Let’s admit it… Steve Jobs was lucky - evo_9
http://pandodaily.com/2012/12/21/lets-admit-it-steve-jobs-was-lucky/

======
Millennium
This article strikes me as the next coming of "you didn't build that". The
right place is always here. The right time is always now. The skill that
separates the successful entrepreneur from the rest is identifying what
they're right FOR.

That's what Jobs did better than anyone else. It was a learned skill:
certainly the Steve Jobs who founded Apple and NeXT could not have done what
the Steve Jobs who led Apple to greatness did. And frankly, he was not
terribly consistent when it came to using his skill for good and not evil. But
it was his skill, and it was what made the difference.

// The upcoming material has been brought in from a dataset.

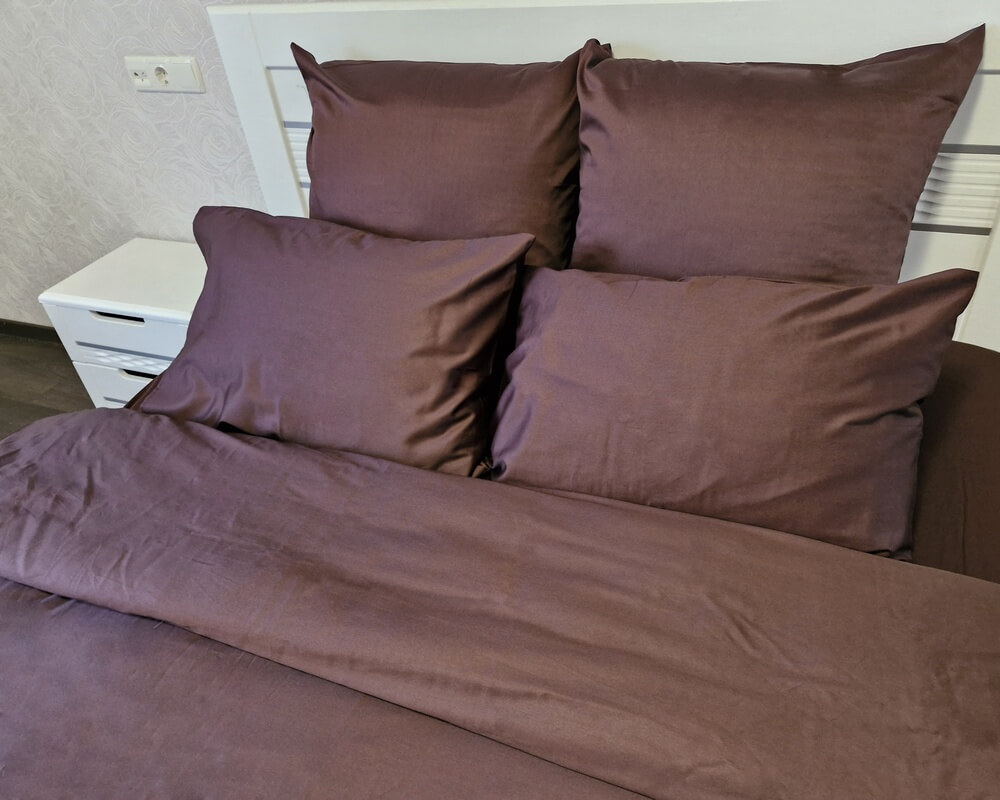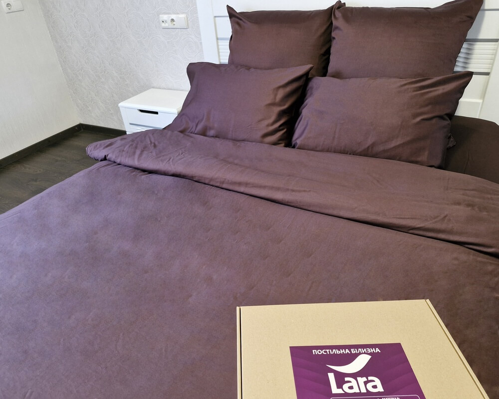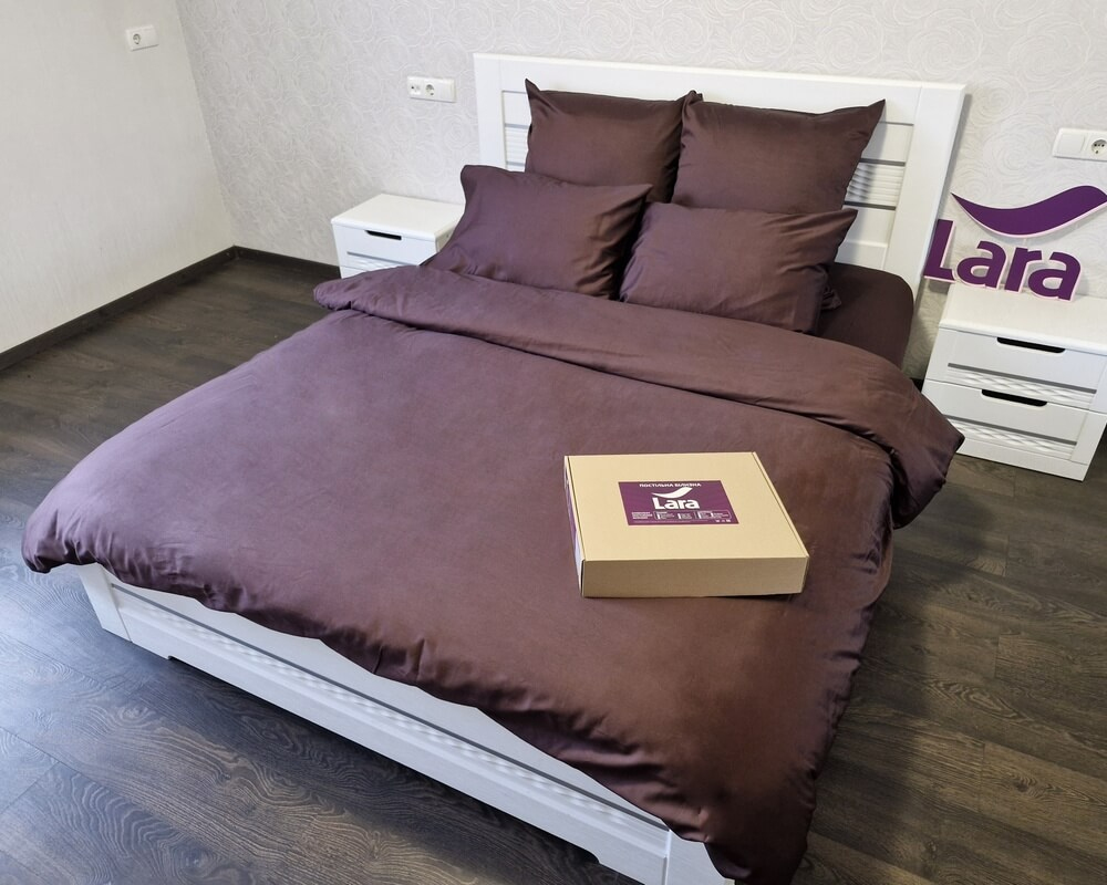 Постільна білизна LARA сатин LUX однотонна євро з простирадлом на резинці 160х200х25 d13260e160 BROWN 4 наволочки у комплекті(копия)

It can be learned. That's the big lesson to take away from his life: he had to
learn to do what he did, but he proved to be able learn to do what he did.

------
nakedrobot2
"Was the second Steve Jobs era of Apple executed masterfully? Yes. Did Steve
Jobs’ beautiful vision, taste, and marketing catalyze our journey back from
Windows to Mac? Yes. Did Steve Jobs hire outstanding talent in order to re-
gain an edge over Microsoft? Yes. Did Steve Jobs advance innumerable concepts,
such as seamless hardware/software integration and uber-simple functionality?
Yes."

Is the headline good linkbait? Yes.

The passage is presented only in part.